● Required work
Your copy should hold only the lines from the one with "Bij de RC-auto" to the one with "Long Black Jacket", both included, each exactly as it stands below, with no pictures.

● Extracted information
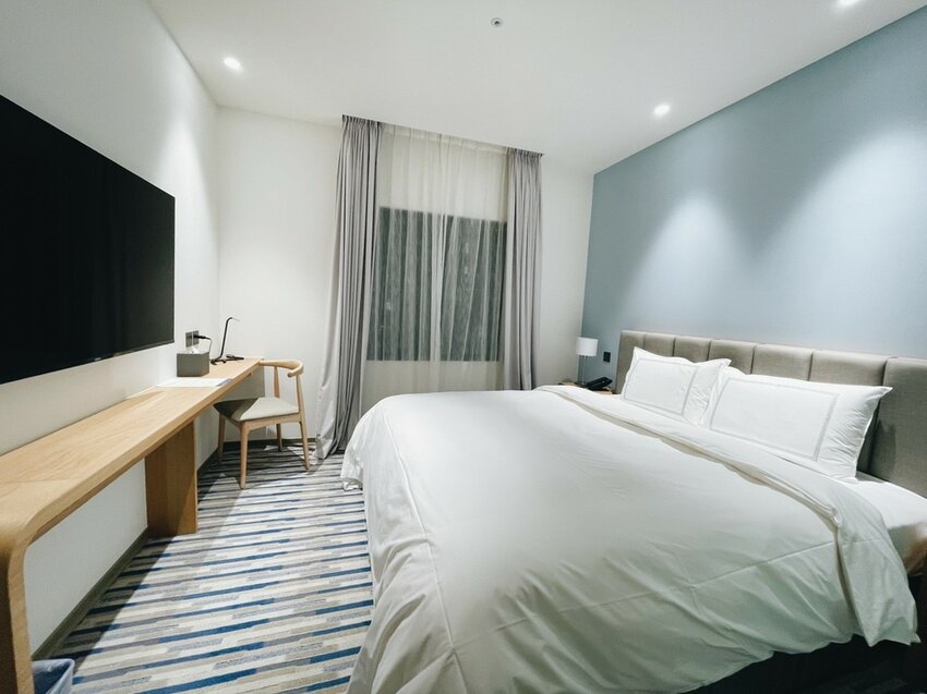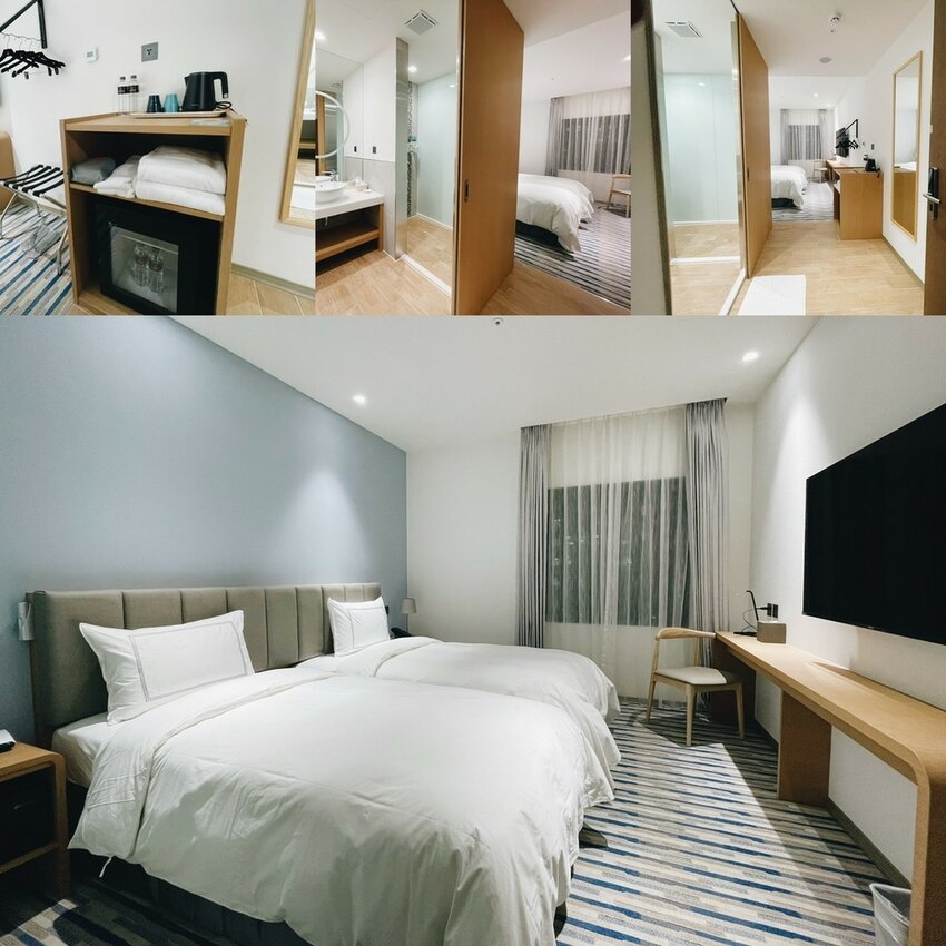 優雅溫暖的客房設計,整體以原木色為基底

---

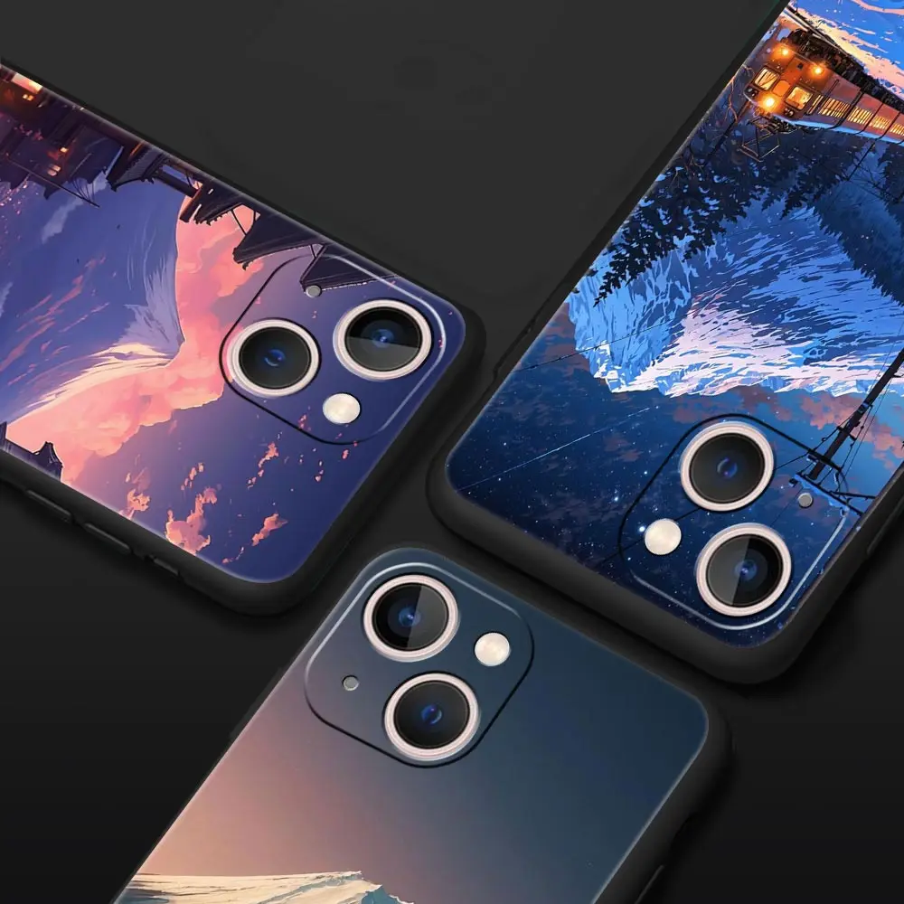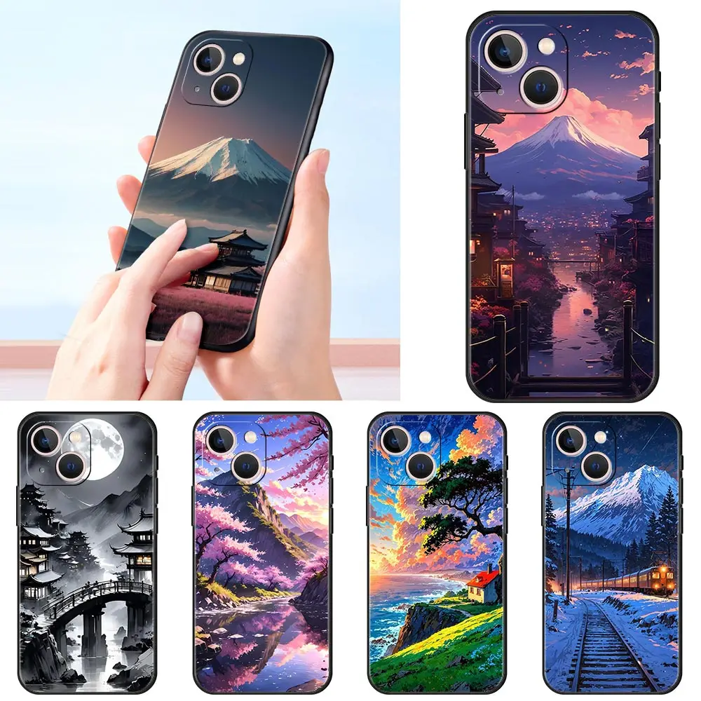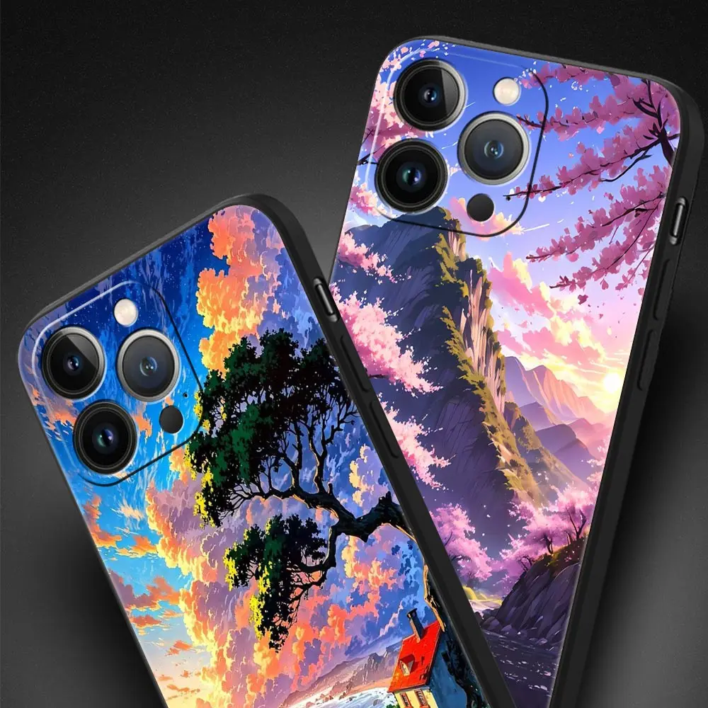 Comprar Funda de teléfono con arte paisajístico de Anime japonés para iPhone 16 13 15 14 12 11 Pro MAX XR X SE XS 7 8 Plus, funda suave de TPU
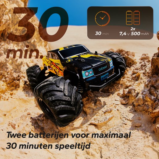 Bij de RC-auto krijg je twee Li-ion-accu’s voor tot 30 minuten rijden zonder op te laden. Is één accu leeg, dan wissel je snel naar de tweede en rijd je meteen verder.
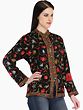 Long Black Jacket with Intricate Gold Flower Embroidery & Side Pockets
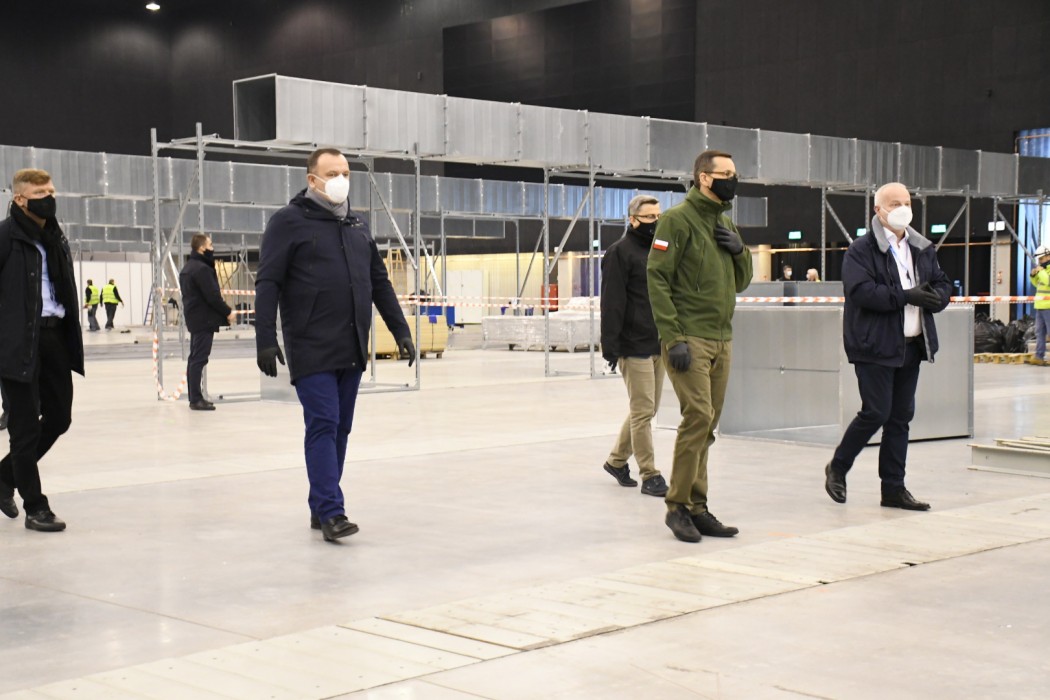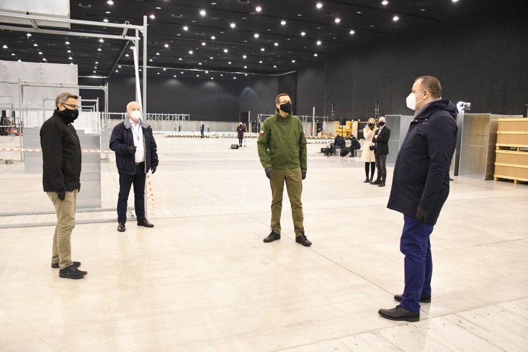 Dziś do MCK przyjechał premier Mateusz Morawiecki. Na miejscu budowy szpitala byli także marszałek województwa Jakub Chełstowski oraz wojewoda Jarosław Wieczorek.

...

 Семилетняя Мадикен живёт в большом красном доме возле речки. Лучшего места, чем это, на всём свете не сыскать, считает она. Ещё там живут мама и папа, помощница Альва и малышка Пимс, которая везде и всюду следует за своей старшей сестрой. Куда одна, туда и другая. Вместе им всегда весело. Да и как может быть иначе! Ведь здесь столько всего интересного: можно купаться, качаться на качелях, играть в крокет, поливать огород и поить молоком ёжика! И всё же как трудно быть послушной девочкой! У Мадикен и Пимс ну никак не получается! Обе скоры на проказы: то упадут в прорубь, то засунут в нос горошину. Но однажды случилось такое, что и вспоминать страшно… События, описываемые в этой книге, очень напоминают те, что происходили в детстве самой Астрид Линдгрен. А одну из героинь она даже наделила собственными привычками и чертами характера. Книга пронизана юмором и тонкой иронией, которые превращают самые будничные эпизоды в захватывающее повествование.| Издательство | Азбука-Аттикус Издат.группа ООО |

● Answer to this problem
 Bij de RC-auto krijg je twee Li-ion-accu’s voor tot 30 minuten rijden zonder op te laden. Is één accu leeg, dan wissel je snel naar de tweede en rijd je meteen verder.
 Long Black Jacket with Intricate Gold Flower Embroidery & Side Pockets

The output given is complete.